The passwords generated are so random that hackers will struggle to break into your accounts.
Malware viruses can destroy your computer and steal all of your private information. Antivirus software can fight back against intruders and keep your computer safe. Some software is free, although these editions won’t offer as much protection as a paid service.
Once your Antivirus is installed you need to make sure that you do a computer a scan at least once a week. You should also update your Antivirus software as soon as an update is available to you.
Look out for Poor Grammar
Grammar and spelling issues is a clear sign that something isn’t right about the website or email that you’re reading. Professional companies will spend plenty of time putting together their web pages and email templates.

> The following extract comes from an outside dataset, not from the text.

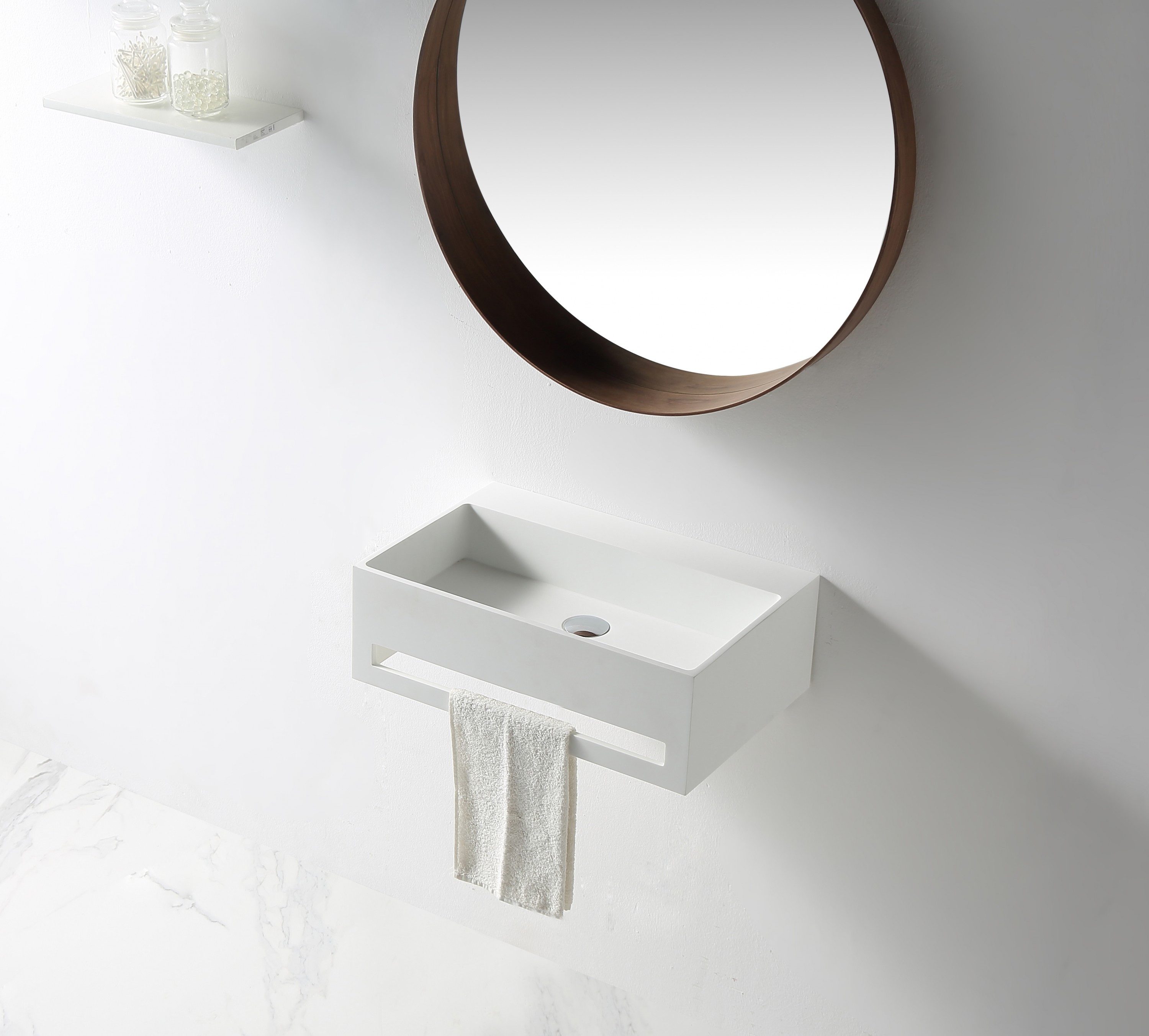 Wandwaschbecken TWG02 aus Mineralguss Solid Stone - Weiß matt Das Wandwaschbecken TWG02 überzeugt durch seine klare, geometrische Formgebung und der praktischen Bauweise. Es hat vorne einen integrierten Handtuchhalter, sodass Sie Ihre Handtücher einfach und bequem zum Trocknen aufhängen können. Das Becken besteht aus hochwertigem Mineralguss Solid Stone. Die Oberfläche in Weiß matt ist glatt und porenfrei und bei Berührung angenehm warm. Schmutz kann sich nicht festsetzen, somit ist das Becken hygienisch und einfach zu reinigen. Die abgebildete Armatur und das Pop-up sind im Angebot nicht enthalten. Sie können sich für eine Aufsatz- oder Unterputzarmatur entscheiden (Armaturloch nicht vorgebohrt). Für die Wandmontage sind Löcher vorgebohrt, damit Sie auch ein Standard-Waschbecken-Vorwandelement nutzen können. Montagematerial für die Wandmontage wird mitgeliefert. Spezifikationen Material Hochwertiger Mineralguss Solid Stone Farbe Weiß matt Form Eckig Maße 60 x 40 x 20 cm (B x T x H) Durchmesser Abfluss 5 cm Gewicht Netto 13,5 kg / Brutto 15,5 kg Maße Verpackung 68,5 x 48,5 x 28,5 cm Glatte und porenfreie Oberfläche (antibakteriell) Farbbeständigkeit Mit integriertem Handtuchhalter Ohne Ablaufventil Ohne Überlauf Geeignet für Aufsatz- und Unterputzarmatur (Armaturloch nicht vorgebohrt) Mit vorgebohrten Löchern zur Wandmontage Geeignet für Standard-Waschbecken-Vorwandelement DIN-Anschluss Für alle DIN-Ablaufventile geeignet

Phishing emails and scam website won’t take as much time and care on their ‘projects’. If the email is a mess, you should avoid any interaction with it. Delete it immediately and warn others about the email you received.
Do your Retailer Research
Online shopping makes your life so much easier, however you need to be vigilante to make sure that you don’t get caught out. If an item is too cheap to be true, chances are it isn’t. If you haven’t heard of a website before you should make the following checks:
- Ensure that it is a registered company.
- Check for reviews. Are they positive? Do they sound legit?
- Always read the website’s terms and conditions.
- Make sure that the site is secure. You should look out for a padlock logo to the right of the web address in your internet browser.
- Ask friends and family to see if they have dealt with or heard anything about the company.
If you’re unsure about the website you’re using, leave it and visit a well-known retailer instead. It may cost a few pounds more, but in the long run it save you thousands.
Never Share your Pin or Password
Your bank will never email you asking for your pin details, just like companies wouldn’t ask you for your password via email. If you receive an email asking for this information, you should delete it immediately – without clicking on any of the links or attachments.
This is a phishing scam, as mentioned earlier, and the criminals behind it are trying to steal your information so that they can access your accounts, steal your money and even your ID. Be safe, don’t reply and let your bank know that somebody has tried to trick you.
Keep your Operating System up-to-Date
In order to be as protected as possible from internet scams, it is important that you keep your operating systems up-to-date. Examples of operating systems include Windows and IOS for Apple MAC computers.
By doing so, you are ensuring that everything on your device is working as it should be in order to fight off any malware attacks. The latest version of Windows (10) has frequent updates to ensure that your computer is ready to fight-off internet scams.
Don’t Stream from Dodgy Websites
If you find a website which is streaming live sport, which is supposed to be exclusive to Sky Sports for example, chances are that it is not a legit website. Broadband providers and the police are working hard to shut down streaming websites.
There are so many streaming websites out there that will allow you to watch live sport from around the world, as well as all of the latest cinema releases. As soon as you click on these websites however, you will be met with hundreds of pop-ups.
You are also leaving yourself open to viruses being installed onto your PC via these pop-ups. It’s best just to head down to a friends house, the pub or to the cinema if you’re wanting to watch something. Don’t take the risk!